◆ **Task instructions**: Up to and including the line containing "オパールはオーバルカボション", set down each line of the entries below exactly, starting from the first, and leave out the rest.

◆ **Data extract**:
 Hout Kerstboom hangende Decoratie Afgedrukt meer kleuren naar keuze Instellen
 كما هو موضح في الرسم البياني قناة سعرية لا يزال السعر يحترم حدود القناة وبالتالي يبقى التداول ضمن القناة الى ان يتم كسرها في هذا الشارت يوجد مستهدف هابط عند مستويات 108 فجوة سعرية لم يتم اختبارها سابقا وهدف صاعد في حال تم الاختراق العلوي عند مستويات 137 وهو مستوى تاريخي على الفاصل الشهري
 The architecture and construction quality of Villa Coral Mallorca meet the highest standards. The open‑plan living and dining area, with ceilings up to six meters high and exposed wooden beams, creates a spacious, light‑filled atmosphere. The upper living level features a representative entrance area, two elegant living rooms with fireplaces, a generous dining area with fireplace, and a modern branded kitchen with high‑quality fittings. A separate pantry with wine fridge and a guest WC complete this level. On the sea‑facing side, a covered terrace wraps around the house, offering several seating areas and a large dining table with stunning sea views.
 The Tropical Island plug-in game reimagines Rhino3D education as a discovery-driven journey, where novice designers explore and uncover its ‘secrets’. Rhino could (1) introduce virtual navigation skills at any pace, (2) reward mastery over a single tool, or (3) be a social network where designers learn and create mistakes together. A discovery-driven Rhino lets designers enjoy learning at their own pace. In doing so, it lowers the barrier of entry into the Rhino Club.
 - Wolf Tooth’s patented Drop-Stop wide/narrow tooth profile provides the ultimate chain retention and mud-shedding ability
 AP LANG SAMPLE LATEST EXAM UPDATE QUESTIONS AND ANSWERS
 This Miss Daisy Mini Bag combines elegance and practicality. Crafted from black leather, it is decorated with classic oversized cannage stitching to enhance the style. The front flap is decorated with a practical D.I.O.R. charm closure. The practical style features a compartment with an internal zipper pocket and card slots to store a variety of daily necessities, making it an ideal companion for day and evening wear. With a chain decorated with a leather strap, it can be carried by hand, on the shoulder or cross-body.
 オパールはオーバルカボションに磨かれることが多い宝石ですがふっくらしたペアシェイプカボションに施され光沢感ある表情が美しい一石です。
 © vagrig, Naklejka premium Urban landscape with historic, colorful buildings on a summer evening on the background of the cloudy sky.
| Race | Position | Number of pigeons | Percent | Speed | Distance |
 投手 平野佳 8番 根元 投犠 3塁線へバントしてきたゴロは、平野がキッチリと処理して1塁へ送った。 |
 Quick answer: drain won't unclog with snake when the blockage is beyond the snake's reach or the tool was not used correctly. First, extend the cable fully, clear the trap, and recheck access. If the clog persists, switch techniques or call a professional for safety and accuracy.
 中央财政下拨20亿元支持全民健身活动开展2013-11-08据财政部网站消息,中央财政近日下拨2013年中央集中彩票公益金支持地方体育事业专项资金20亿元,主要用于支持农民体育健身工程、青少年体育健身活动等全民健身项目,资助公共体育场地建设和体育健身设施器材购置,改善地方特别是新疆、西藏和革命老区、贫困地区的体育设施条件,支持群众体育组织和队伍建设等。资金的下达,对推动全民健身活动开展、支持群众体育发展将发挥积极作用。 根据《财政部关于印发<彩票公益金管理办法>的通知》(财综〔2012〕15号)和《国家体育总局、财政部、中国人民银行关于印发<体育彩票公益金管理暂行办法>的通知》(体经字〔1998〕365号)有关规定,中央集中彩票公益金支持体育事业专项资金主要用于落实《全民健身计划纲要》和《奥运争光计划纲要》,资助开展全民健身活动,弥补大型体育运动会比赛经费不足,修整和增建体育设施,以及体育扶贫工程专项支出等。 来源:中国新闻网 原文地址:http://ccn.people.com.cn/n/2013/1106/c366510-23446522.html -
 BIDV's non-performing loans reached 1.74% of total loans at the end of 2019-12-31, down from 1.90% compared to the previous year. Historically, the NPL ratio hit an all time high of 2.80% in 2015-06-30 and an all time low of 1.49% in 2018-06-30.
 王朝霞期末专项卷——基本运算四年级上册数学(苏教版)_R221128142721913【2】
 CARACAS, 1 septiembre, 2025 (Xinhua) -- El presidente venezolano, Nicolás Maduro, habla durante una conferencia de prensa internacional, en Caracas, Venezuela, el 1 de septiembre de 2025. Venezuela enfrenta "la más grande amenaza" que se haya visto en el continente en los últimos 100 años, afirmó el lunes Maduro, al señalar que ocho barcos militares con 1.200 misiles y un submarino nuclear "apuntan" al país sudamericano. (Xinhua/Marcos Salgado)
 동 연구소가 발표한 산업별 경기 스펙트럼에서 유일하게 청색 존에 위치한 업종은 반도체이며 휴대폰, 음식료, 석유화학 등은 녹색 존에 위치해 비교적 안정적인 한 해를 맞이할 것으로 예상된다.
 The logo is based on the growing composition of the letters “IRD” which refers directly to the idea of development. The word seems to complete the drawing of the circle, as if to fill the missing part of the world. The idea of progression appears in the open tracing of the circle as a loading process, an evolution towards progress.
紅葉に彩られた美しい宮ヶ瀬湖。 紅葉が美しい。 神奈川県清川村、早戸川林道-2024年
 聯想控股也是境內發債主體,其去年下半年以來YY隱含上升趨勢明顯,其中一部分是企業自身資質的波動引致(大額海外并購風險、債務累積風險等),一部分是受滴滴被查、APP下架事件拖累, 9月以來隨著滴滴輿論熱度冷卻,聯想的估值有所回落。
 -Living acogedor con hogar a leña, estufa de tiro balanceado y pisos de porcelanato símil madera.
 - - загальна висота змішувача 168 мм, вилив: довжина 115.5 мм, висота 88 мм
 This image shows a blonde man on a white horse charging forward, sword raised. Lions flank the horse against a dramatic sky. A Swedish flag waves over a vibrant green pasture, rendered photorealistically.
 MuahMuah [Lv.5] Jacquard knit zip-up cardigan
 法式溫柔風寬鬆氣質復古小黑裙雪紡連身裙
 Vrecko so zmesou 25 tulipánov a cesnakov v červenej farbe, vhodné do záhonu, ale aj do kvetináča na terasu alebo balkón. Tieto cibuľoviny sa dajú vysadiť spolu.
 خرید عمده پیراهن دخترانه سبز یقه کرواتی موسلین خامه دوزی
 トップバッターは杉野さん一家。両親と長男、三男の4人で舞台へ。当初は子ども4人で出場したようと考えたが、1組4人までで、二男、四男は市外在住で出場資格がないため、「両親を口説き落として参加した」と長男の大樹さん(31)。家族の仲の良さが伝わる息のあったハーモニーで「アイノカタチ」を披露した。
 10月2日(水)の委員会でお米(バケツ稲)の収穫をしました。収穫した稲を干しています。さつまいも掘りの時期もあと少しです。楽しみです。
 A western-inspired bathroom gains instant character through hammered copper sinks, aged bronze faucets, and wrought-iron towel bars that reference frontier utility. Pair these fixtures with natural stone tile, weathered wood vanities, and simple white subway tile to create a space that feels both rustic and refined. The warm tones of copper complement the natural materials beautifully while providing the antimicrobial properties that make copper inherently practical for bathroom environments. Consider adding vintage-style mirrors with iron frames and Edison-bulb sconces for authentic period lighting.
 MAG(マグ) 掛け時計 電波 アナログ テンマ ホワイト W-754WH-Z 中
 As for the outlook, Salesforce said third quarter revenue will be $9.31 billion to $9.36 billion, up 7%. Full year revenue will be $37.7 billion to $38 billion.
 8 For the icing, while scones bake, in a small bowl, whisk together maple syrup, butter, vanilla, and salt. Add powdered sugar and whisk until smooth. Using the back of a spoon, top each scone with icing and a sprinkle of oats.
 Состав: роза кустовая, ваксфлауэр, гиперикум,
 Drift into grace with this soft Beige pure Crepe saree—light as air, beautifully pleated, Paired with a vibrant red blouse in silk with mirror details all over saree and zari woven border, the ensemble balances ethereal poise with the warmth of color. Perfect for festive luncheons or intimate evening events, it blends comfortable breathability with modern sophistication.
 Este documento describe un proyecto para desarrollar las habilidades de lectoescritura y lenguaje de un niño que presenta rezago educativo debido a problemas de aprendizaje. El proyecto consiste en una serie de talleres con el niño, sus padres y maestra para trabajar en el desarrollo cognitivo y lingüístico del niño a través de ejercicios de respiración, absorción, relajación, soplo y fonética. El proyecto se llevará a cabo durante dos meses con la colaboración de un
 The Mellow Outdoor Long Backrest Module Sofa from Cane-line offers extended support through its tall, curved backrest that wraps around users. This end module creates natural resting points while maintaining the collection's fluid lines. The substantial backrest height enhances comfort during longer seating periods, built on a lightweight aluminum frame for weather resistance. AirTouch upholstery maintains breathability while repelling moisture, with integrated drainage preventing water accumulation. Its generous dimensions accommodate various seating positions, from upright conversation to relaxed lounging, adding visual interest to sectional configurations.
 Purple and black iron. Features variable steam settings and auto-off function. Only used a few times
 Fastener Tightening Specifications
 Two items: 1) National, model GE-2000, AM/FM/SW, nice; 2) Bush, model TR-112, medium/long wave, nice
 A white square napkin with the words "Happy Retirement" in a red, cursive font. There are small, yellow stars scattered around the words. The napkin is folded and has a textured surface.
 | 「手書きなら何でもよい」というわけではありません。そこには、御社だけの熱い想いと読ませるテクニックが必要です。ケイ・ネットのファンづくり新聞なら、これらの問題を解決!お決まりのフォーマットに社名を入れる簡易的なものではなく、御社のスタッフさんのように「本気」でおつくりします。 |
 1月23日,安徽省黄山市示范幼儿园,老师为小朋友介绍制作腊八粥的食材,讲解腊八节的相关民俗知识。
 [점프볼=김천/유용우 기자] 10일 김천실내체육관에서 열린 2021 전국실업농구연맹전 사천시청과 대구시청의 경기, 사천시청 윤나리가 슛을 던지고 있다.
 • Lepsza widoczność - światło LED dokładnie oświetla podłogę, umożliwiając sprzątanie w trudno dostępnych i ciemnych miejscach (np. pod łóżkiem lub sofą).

◆ **Output for this task**:
 Hout Kerstboom hangende Decoratie Afgedrukt meer kleuren naar keuze Instellen
 كما هو موضح في الرسم البياني قناة سعرية لا يزال السعر يحترم حدود القناة وبالتالي يبقى التداول ضمن القناة الى ان يتم كسرها في هذا الشارت يوجد مستهدف هابط عند مستويات 108 فجوة سعرية لم يتم اختبارها سابقا وهدف صاعد في حال تم الاختراق العلوي عند مستويات 137 وهو مستوى تاريخي على الفاصل الشهري
 The architecture and construction quality of Villa Coral Mallorca meet the highest standards. The open‑plan living and dining area, with ceilings up to six meters high and exposed wooden beams, creates a spacious, light‑filled atmosphere. The upper living level features a representative entrance area, two elegant living rooms with fireplaces, a generous dining area with fireplace, and a modern branded kitchen with high‑quality fittings. A separate pantry with wine fridge and a guest WC complete this level. On the sea‑facing side, a covered terrace wraps around the house, offering several seating areas and a large dining table with stunning sea views.
 The Tropical Island plug-in game reimagines Rhino3D education as a discovery-driven journey, where novice designers explore and uncover its ‘secrets’. Rhino could (1) introduce virtual navigation skills at any pace, (2) reward mastery over a single tool, or (3) be a social network where designers learn and create mistakes together. A discovery-driven Rhino lets designers enjoy learning at their own pace. In doing so, it lowers the barrier of entry into the Rhino Club.
 - Wolf Tooth’s patented Drop-Stop wide/narrow tooth profile provides the ultimate chain retention and mud-shedding ability
 AP LANG SAMPLE LATEST EXAM UPDATE QUESTIONS AND ANSWERS
 This Miss Daisy Mini Bag combines elegance and practicality. Crafted from black leather, it is decorated with classic oversized cannage stitching to enhance the style. The front flap is decorated with a practical D.I.O.R. charm closure. The practical style features a compartment with an internal zipper pocket and card slots to store a variety of daily necessities, making it an ideal companion for day and evening wear. With a chain decorated with a leather strap, it can be carried by hand, on the shoulder or cross-body.
 オパールはオーバルカボションに磨かれることが多い宝石ですがふっくらしたペアシェイプカボションに施され光沢感ある表情が美しい一石です。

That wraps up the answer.